EXERCISE BRIEF
Print the records below exactly, from the line containing "Монета номиналом два" down to the line containing "De esta forma, veremos", both lines included, and omit every picture.

PROVIDED DATA
****************

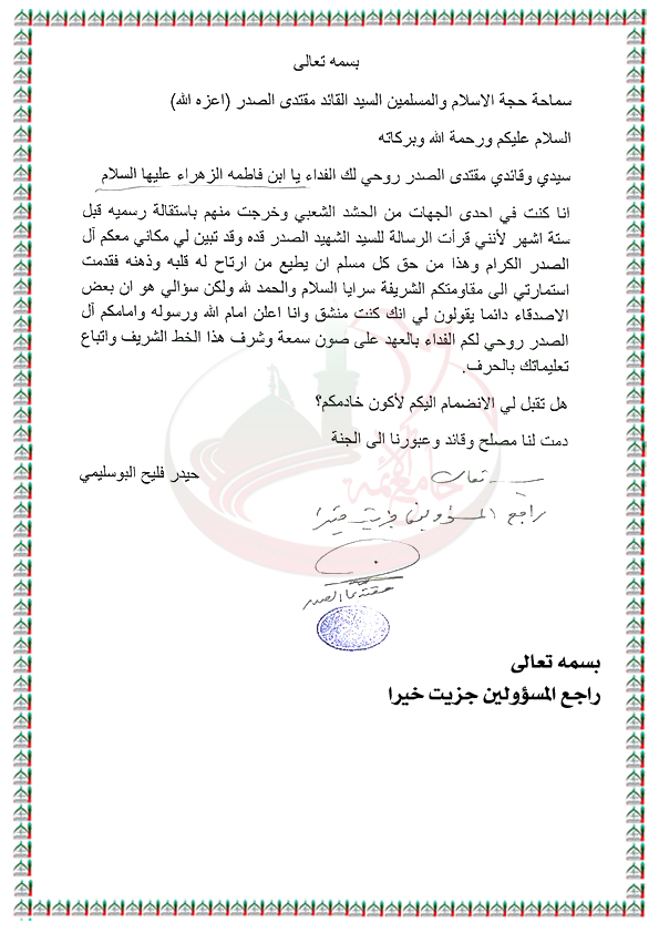 طلب أحد الاشخاص الانتماء لسرايا السلام المجاهدة استفتاء السيد القائد مقتدى الصدر اعزه الله 23 / 5 / 2016
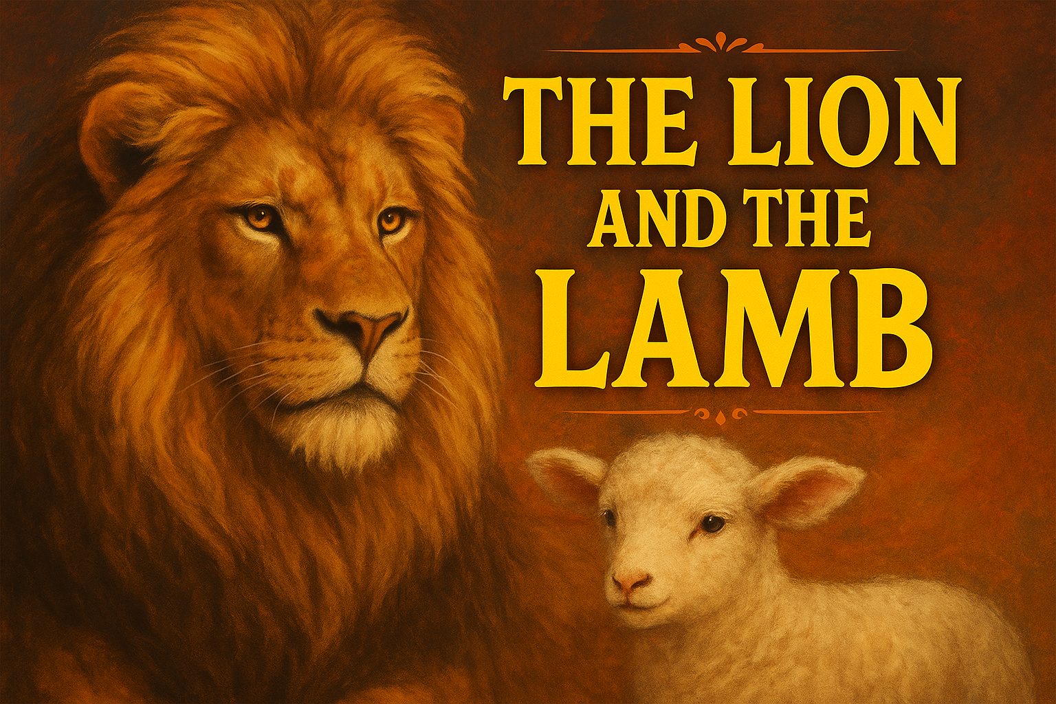A visually striking illustration featuring a lion and a lamb, symbolizing peace and harmony, ideal for religious or inspirational themes.
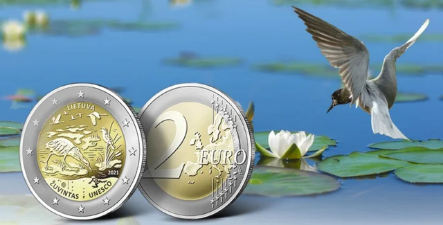 Монета номиналом два евро была посвящена биосферному заповеднику "Жувинтас", который был основан в 1937 году для сохранения редких видов животных.
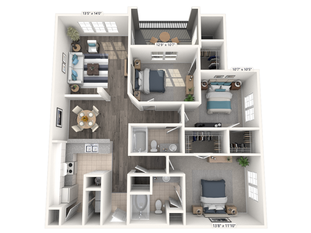 2 Beds, 2 Baths, 1235 sq ftAvailable NowModel Gallery
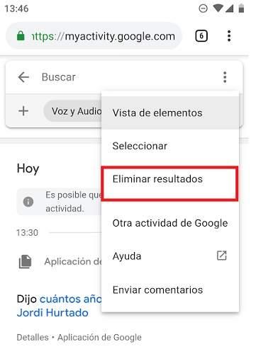 De esta forma, veremos un listado cronológico de todas las grabaciones que Google ha registrado a lo largo del tiempo. Incluso podemos reproducirlas y escuchar nuestra propia voz, pulsando sobre el botón de “Reproducir” situado al lado de cada consulta.
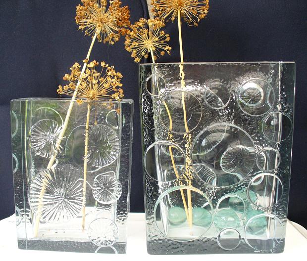 Frågaren får inte ett bestämt besked i tidningen, men ett sådant torde komma i nästa nummer. Här på ovanstående PES-sidor kan man nämligen få besked, att det gäller Gunnar Nylund på Strömbergshyttan 1954 - 67. "Syskonvasen" här i bilden är nämligen signerad: "B 701 C 539 GN Sh". B står vid modellnumret, C vid mönsternumret, GN = Gunnar Nylund och Sh står för Strömbergshyttan.
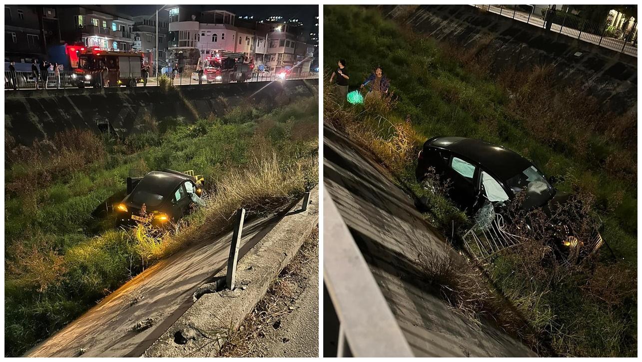 元朗Tesla自炒撞欄飛墮明渠司機受傷 由吊臂將車吊回路面
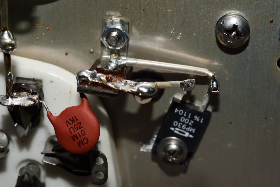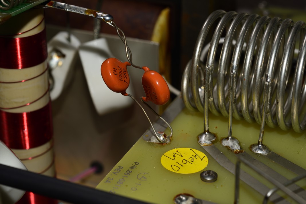21.) Resolder the two 7.5kv capacitors to the strap connecting the parasitic board.
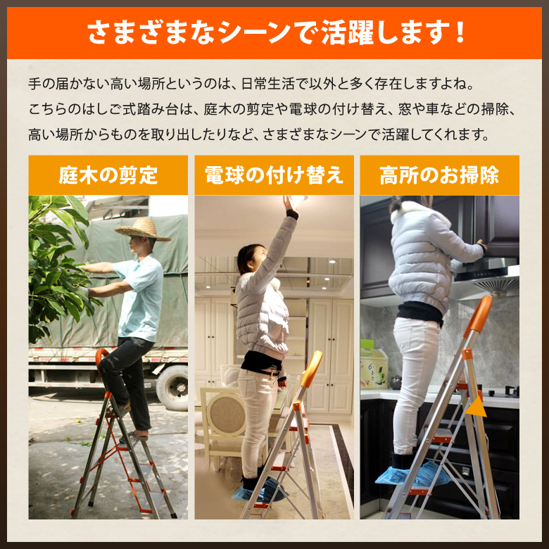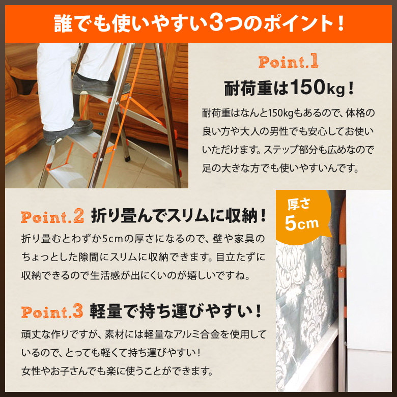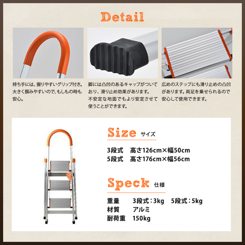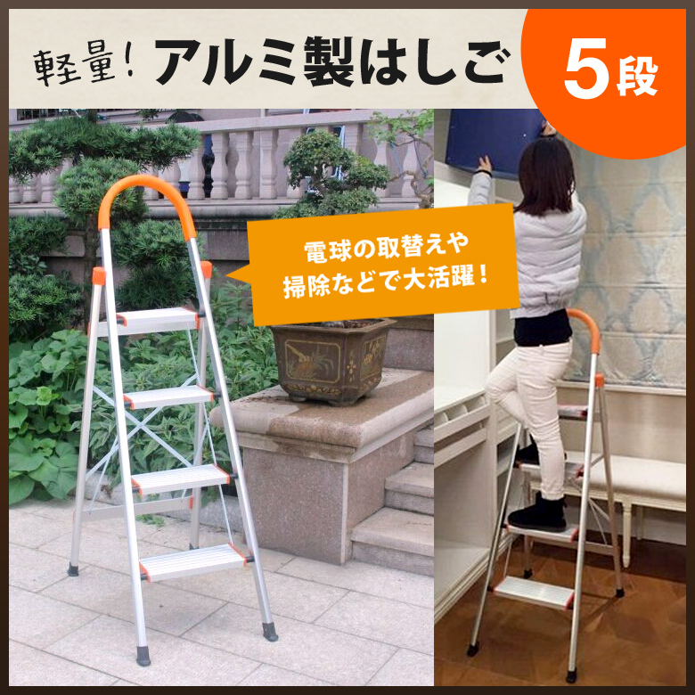 ●商品名 アルミ製はしご ●商品詳細 ・サイズ 5段サイズ:高さ176×幅56 3段サイズ:高さ120×幅50 ・重量 5段サイズ:5㎏ 3段サイズ:3㎏ ・材質 アルミ ・耐荷重 150㎏ ●Pick Up ・耐荷重は150㎏!大き目な方でも安心してご利用頂けます ・しっかりした作りですが軽量なので女性でも持ち運び楽々 ・折り畳んで収納可能!収納時には厚さ5㎝とコンパクト ・広々ステップで両足を乗せられ安定性抜群

****************

COMPLETED TASK
 Монета номиналом два евро была посвящена биосферному заповеднику "Жувинтас", который был основан в 1937 году для сохранения редких видов животных.
 2 Beds, 2 Baths, 1235 sq ftAvailable NowModel Gallery
 De esta forma, veremos un listado cronológico de todas las grabaciones que Google ha registrado a lo largo del tiempo. Incluso podemos reproducirlas y escuchar nuestra propia voz, pulsando sobre el botón de “Reproducir” situado al lado de cada consulta.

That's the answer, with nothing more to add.